:: Problem description ::
Find the line that contains "当前的位置: 首页 >" in the records below, then repeat exactly that line and each one after it, leaving pictures out.

Given records: Begin

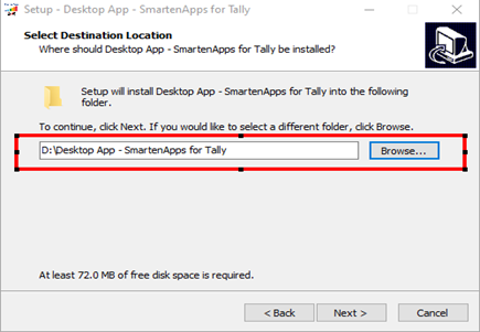 .Note: The system drive requires user permissions. To avoid this permission issue, install SmartenApps for Tally – Desktop Utility on a non-system drive (e.g., **D:, F:**, etc.), and then press the ‘Next’ button.
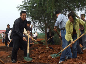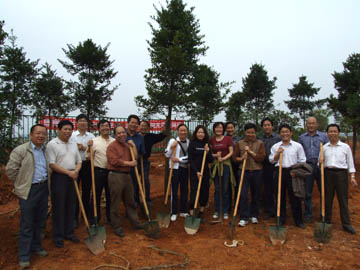 教学单位、职能部门负责人在自己亲手栽下的树前合影留念
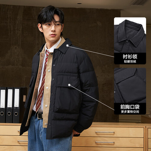 当前的位置: 首页 > 今日值得买 > gxg.jeans男装 2024年冬季黑色大口袋翻领短款羽绒服 黑色 S (165)
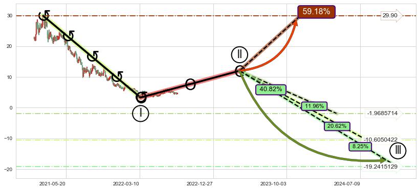 ➣ 大趋势循环浪继续向下概率40.82%
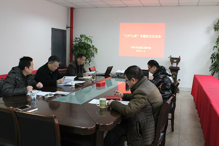 2016年1月6日下午,汽车与交通工程学院党政领导班子召开 “三严三实”专题民主生活会,会议由学院党委书记钱云福主持,崔景贵副校长出席会议并做总结发言。 会议分两个阶段:第一阶段,学院党委书记代表班子作对照检查,指出班子在“不严不实”方面存在的问题,以及开展“三严三实”专题教育活动以来取得的阶段性成效和下一步的整改
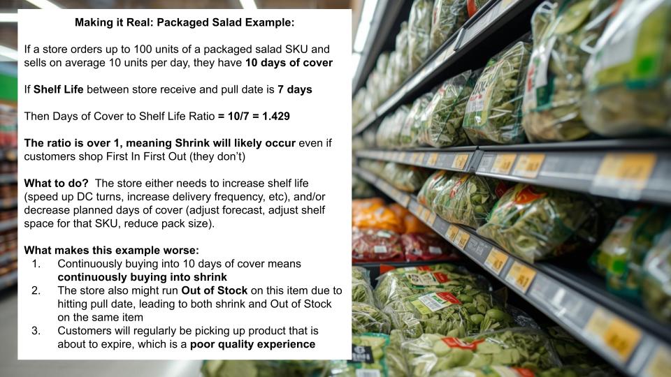 Based on my grocery supply chain experience, including building Amazon's produce, meat, and fish supply chain and developing grocery inventory optimization software, I’ve consistently seen that the most actionable way to analyze shrink is to break it down to its components of days of cover and shelf life, and look for when days of cover is exceeding shelf life (ratio > 1).

Given records: End

:: Exercise output ::
 当前的位置: 首页 > 今日值得买 > gxg.jeans男装 2024年冬季黑色大口袋翻领短款羽绒服 黑色 S (165)
 ➣ 大趋势循环浪继续向下概率40.82%
 2016年1月6日下午,汽车与交通工程学院党政领导班子召开 “三严三实”专题民主生活会,会议由学院党委书记钱云福主持,崔景贵副校长出席会议并做总结发言。 会议分两个阶段:第一阶段,学院党委书记代表班子作对照检查,指出班子在“不严不实”方面存在的问题,以及开展“三严三实”专题教育活动以来取得的阶段性成效和下一步的整改
 Based on my grocery supply chain experience, including building Amazon's produce, meat, and fish supply chain and developing grocery inventory optimization software, I’ve consistently seen that the most actionable way to analyze shrink is to break it down to its components of days of cover and shelf life, and look for when days of cover is exceeding shelf life (ratio > 1).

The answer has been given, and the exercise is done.